→ WHAT THE TASK ASKS:
With any pictures left out, restate word for word the lines in the listing below from the one holding "為實際檢驗延安的反恐處突綜合" through the last.
SUPPLIED DATA START
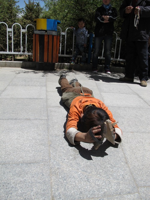 một lần. Cách vái lạy của người Tạng là “ngũ thể nhập địa”- họ chắp tay
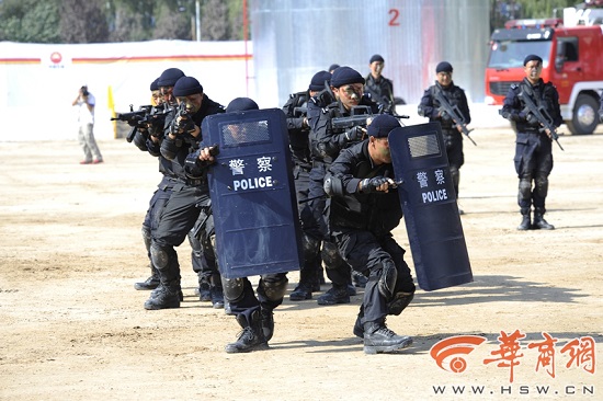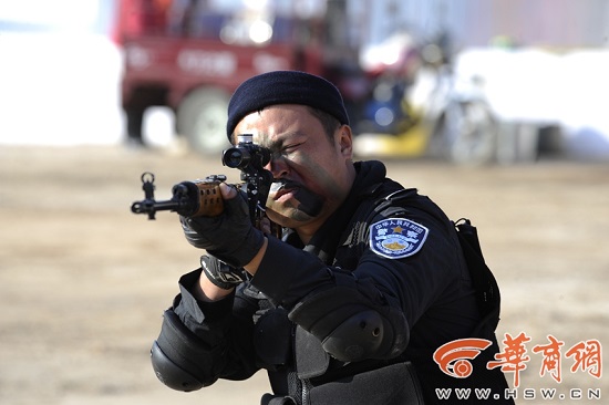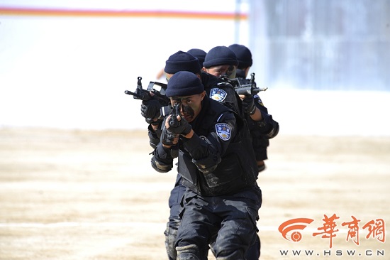 為實際檢驗延安的反恐處突綜合能力,8月28日,延安市公安機關(guān)舉行了“油田衛(wèi)士—2015”反恐防暴綜合演練。演練中,長慶油田第一采油廠組織模擬了儲油區(qū)爆炸等場景。安塞縣公安局巡特警大隊等六支隊伍展示了一些反恐技能。模擬演練現(xiàn)場,有人混入采油廠砍傷數(shù)名工作人員、引燃油罐后,延安市公安局立即啟動反恐怖緊急處置程序。最后成功擊斃、抓獲了犯罪人員,解救了人質(zhì),撲滅大火,并及時排除了爆炸裝置。
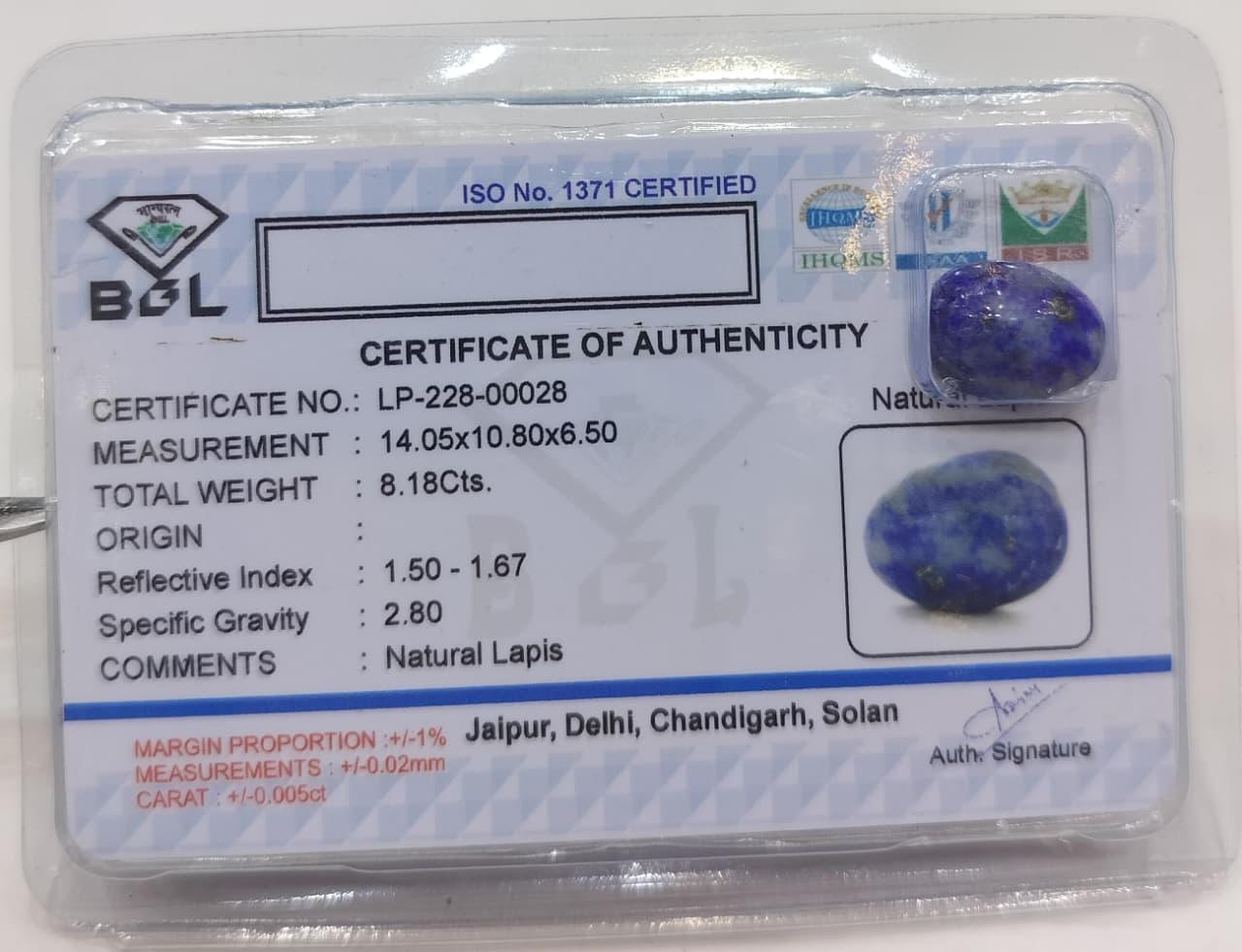 Natural Lapis Stone Weight 8.18 Carat Oval Shape.
SUPPLIED DATA END
→ OUTPUT BELOW:
 為實際檢驗延安的反恐處突綜合能力,8月28日,延安市公安機關(guān)舉行了“油田衛(wèi)士—2015”反恐防暴綜合演練。演練中,長慶油田第一采油廠組織模擬了儲油區(qū)爆炸等場景。安塞縣公安局巡特警大隊等六支隊伍展示了一些反恐技能。模擬演練現(xiàn)場,有人混入采油廠砍傷數(shù)名工作人員、引燃油罐后,延安市公安局立即啟動反恐怖緊急處置程序。最后成功擊斃、抓獲了犯罪人員,解救了人質(zhì),撲滅大火,并及時排除了爆炸裝置。
 Natural Lapis Stone Weight 8.18 Carat Oval Shape.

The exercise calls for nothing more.